Second City Detroit, the region’s premiere purveyor of improvisational social satire, is marking 10 years downtown with a new show, Ten. The two hours-plus of entertainment reprises past skits, a collection of faithfully re-enacted crowd-pleasers that could just as easily be an introduction to new fans.

And there is much to laugh at. The special premiere performance featured a video from opening night, 1993, in which Carmen Harlan interviews Atanas Ilitch. It’s morbidly fascinating to watch the younger Ilitch describe the club as he keeps glancing feverishly back at the elder Ilitch for papa’s approval. In an unintentionally hilarious moment, the elder Ilitch, who looks just miserable, as though he’s chewing broken glass, growls that he doesn’t laugh much. He looks every bit like a person who just spent $6.5 million.

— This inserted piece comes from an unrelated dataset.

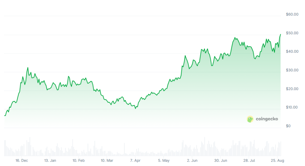 Am Mittwochmorgen notiert Hyperliquid (HYPE) bei 50,60 US-Dollar – ein Kursniveau, das den jüngsten Trend des Altcoins eindrucksvoll unterstreicht. Während sich viele Kryptowährungen derzeit unterhalb ihrer lokalen Höchststände bewegen, hat sich HYPE in den vergangenen Monaten deutlich nach oben gearbeitet. Seit dem 7. April, als der Coin bei 10,27 Dollar gehandelt wurde, ergibt sich ein Kurszuwachs von rund 393 Prozent. Innerhalb von nur fünf Monaten konnte der Altcoin damit eine bemerkenswerte Wertsteigerung erzielen.

And ever since that risky beginning, opening a multimillion-dollar entertainment venue in Detroit’s depopulated downtown, Second City Detroit has faced its share of challenges. As heir to the Second City name, it’s had some big shoes to fill. It has struggled to be seen as more than a comedy franchise of the Second City star factory that launched John Candy, Eugene Levy and Martin Short, to name a few. After 10 years, longevity is bestowing some rewards, and the troupe can boast of alumni who have officially “made it,” including Larry Joe Campbell, co-starring with Jim Belushi on ABC’s “According to Jim,” and Keegan-Michael Key, who will begin appearing on Fox’s “Mad TV” this winter.

The group has also tried to follow in the footsteps of Second City’s tradition of using “timely political, local and social issues” for laughs. Certainly, Chicago’s Second City was famous for drawing on the wealth of controversial local conflicts, and their players relished the opportunity to stun audiences with taboo topics.

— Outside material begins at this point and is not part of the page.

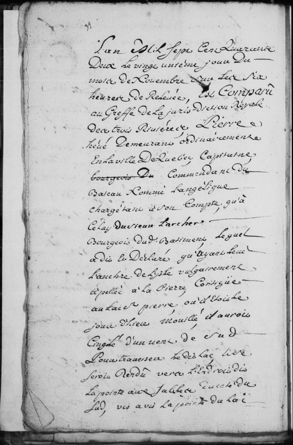 - Comparution de Pierre Hévé, capitaine et commandant du bateau «l'Angélique», chargé tant à son compte que celui du sieur Larcher, déclarant qu'il a dû lever l'ancre, sur le lac Saint-Pierre, pour ensuite se rendre à la Pointe-aux-Sables...

And the news for Detroit social satirists should be good, since the Motor City is a fertile ground for regional conflicts ready to riff on. True to formula, the cast energetically pushes cultural hot-buttons to elicit laughter, ranging from sexism and racism to homicide and homosexuality. The players clearly have fun with it, seldom afraid to reach below the belt to garner an extra laugh.

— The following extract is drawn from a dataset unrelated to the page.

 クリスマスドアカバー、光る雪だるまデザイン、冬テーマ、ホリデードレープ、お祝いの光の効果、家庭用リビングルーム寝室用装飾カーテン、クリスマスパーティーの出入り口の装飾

But this is Detroit, not Chicago. In one sense, Second City Detroit is a long-standing, much-patronized smash hit, but it offers mixed results vis-a-vis Second City’s “rich comedy tradition.” After it opened in 1993, the theater was criticized for retooling pieces written for Chicago, and, though the Ilitches and the improvisers insisted that a local focus would develop, some critics harbored reservations that the group could tackle the job.

Far away from the bustle of Chicago, Second City Detroit is a mostly commuter company playing to a largely suburban audience, which makes for puzzling disconnects. It’s entertainment for those willing to shell out $15 to park their fuel-hogging SUV and then see rapacious consumerism skewered onstage. Like the parody of a Disney song in one skit, you have to know the brain-dead lyrics to some disposable Disney anthem in order to get the humor. And Second City sometimes plays to people who are gloatingly “part of the problem.” This gets in the way of robust social satire.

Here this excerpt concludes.